Extra DUI patrols will be enforced throughout Whatcom County from June 24 to July 4.

The patrols are part of an annual statewide emphasis on drunken driving. More than 20 percent of deaths related to drunk driving happen in June and July, according to the Washington Traffic Safety Commission, which is funding the increased patrols through a grant.

During last year’s summer patrol emphasis, police arrested 91 motorists in Whatcom County for driving under the influence.

Drunk driving is involved in about half of all deaths on state roads, according to the commission. In 2010, there were 229 deaths involving a driver under the influence of alcohol or drugs in Washington. That’s 17 percent below the previous five-year average.

Alexander Ransom Hired By Tario & Associates, P.S.

May 25th, 2011

Hello Friends, Colleagues & Clients:

Good News!  Mr. Ransom has accepted employment at the prestigious Tario & Associates, P.S.  Located in downtown Bellingham, Tario & Associates represents clients for Personal Injury, Automobile Accidents, Criminal Defense, DUI and Family Law.  Our two office locations provide professional legal counsel for the people of Whatcom, Skagit, Island and Snohomish Counties.

http://www.bellingham-attorney.com/alexander-f-ransom

Mr. Ransom shall continue providing aggressive, effective and experienced representation in all areas of criminal defense; including misdemeanors, gross misdemeanors and felonies.  Please contact him at (360) 671-8500 for a free consultation.

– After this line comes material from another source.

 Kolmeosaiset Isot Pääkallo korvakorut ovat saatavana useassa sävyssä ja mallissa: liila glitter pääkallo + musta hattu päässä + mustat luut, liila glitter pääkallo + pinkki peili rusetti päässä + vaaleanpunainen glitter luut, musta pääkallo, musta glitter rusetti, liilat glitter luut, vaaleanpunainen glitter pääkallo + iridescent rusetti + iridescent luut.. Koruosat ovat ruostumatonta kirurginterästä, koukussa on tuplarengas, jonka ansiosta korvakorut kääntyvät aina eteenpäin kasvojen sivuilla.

State v. Grier: Ineffective Assistance of Counsel

February 17th, 2011

Interesting. 

WA Supremes held that a defense attorney’s ”all or nothing” approach, in which “lesser included” jury instructions were rejected, was a legitimate trial tactic and did not constitute ineffective assistance of counsel (IAC) under the state or federal constitutions. Trial courts are not required to provide lesser included instructions in the absence of a request for such instructions.

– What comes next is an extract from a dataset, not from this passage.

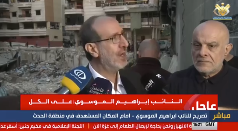 MP Ibrahim Al-Moussawi, a member of Hezbollah’s Loyalty to Resistance bloc, called on Lebanese Prime Minister Nawaf Salam and his ministers to visit the southern suburbs of Beirut (Dahiyeh) to witness firsthand the Israeli aggression against Lebanon and its people.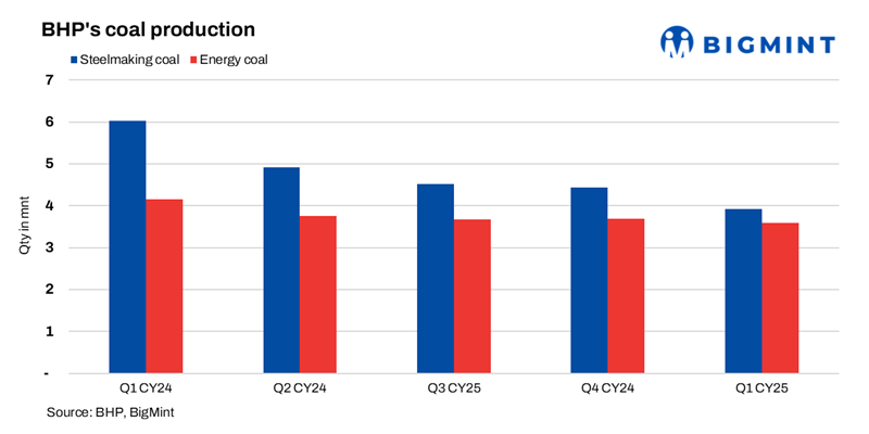 BHP’s coal production for the first three months of CY’25 totalled 7.5 million tonnes (mnt), showing a sharp 26% decline from 10.2 mnt in Q1CY’24. This y-o-y drop was driven by a significant 35% decrease in steelmaking coal production and a 13% fall in energy coal output.

http://www.courts.wa.gov/opinions/index.cfm?fa=opinions.showOpinion&filename=834521MAJ

Defendant Kristina Grier was charged with Murder in the 2nd degree following a fight she had with the victim Gregory Owen.  earlier, they were drinking with a group of people at Grier’s home.  Owen was alleged to have stolen several items from Grier, during the course of the evening.  Some of these items included three guns.  Grier and her son confronted Owen.  A fight broke out.  Unfortunately, a gun went off, killing Owen.

At trial, Grier’s defense attorney withdrew his earlier request for a jury instruction on the lesser offense of Assault.  As a result, the jury was not instructed on those offenses.  The jury convicted Grier of murder.  The case went up for appeal on the issue of whether Grier’s defense attorney was ineffective.  The Court of Appeals reversed Grier’s conviction.  They believed Grier’s attorney was ineffective because he failed to request instructions on the lesser included offenses.

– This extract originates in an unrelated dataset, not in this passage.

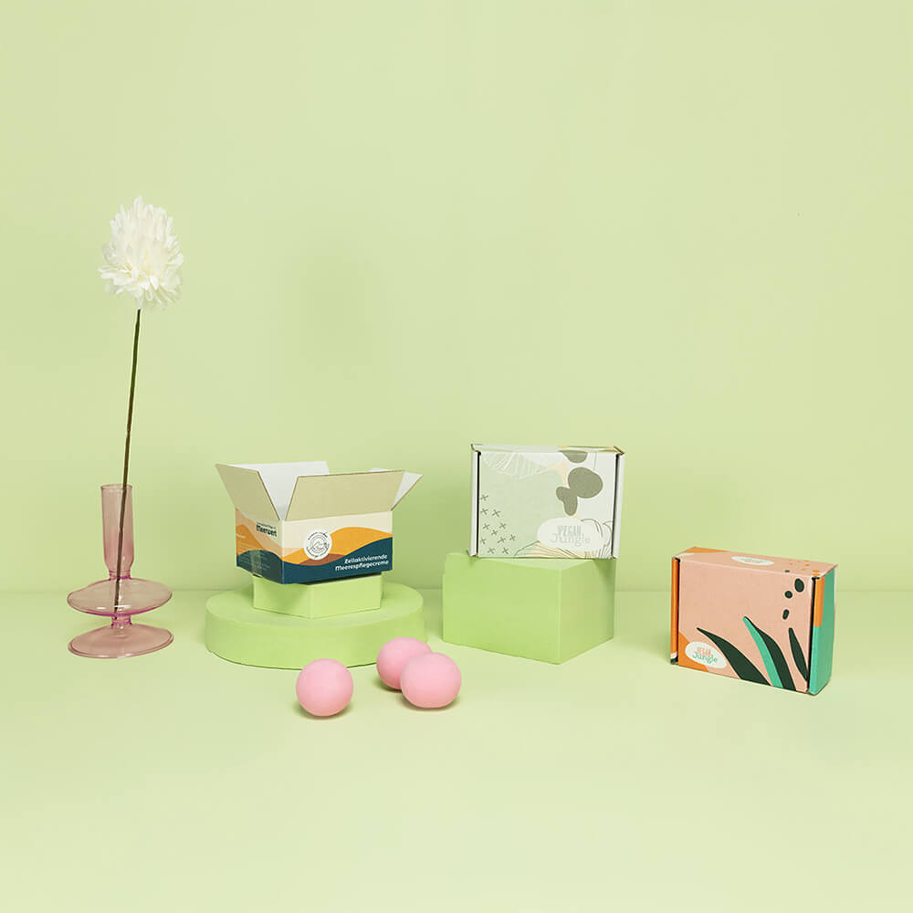 Con le nostre scatole personalizzate in cartone riciclato, cartone in erba e cartone naturale, troverai tre varianti di materiale nella nostra gamma che garantiscono una protezione affidabile, supportando inoltre l'immagine sostenibile dei cosmetici naturali. Grazie a diversi design, packaging warehouse offre scatole personalizzate in cartoncino per varie forme di presentazione dei prodotti:

For those unfamiliar with criminal law practice, a “lesser included” offense shares some, but not all, of the elements of a greater criminal offense. Therefore, the greater offense cannot be committed without also committing the lesser offense. For example, Manslaughter is a lesser included offense of murder, assault is a lesser included offense of rape, and unlawful entry is a lesser included offense of Burglary.

The WA Supremes ruled Grier’s attorney’s decision to withdraw the lesser included offense instructions did not prevent her from raising an ineffective assistance claim.  The court also held that defense counsel’s “all or nothing” approach was a legitimate trial tactic and was not IAC.  The court vacated the Court of Appeals decision.

My opinion?  Interesting decision.  It’s difficult to play “Monday Morning Quarterback” and call a defense attorney’s trial tactics ineffective simply because the defendant lost at trial.  What if the defense attorney wanted the jury instruction and Grier was convicted?  Would she appeal the case anyway, and call her attorney ineffective because she was convicted on the lesser charge?  Good decision, WA Supremes.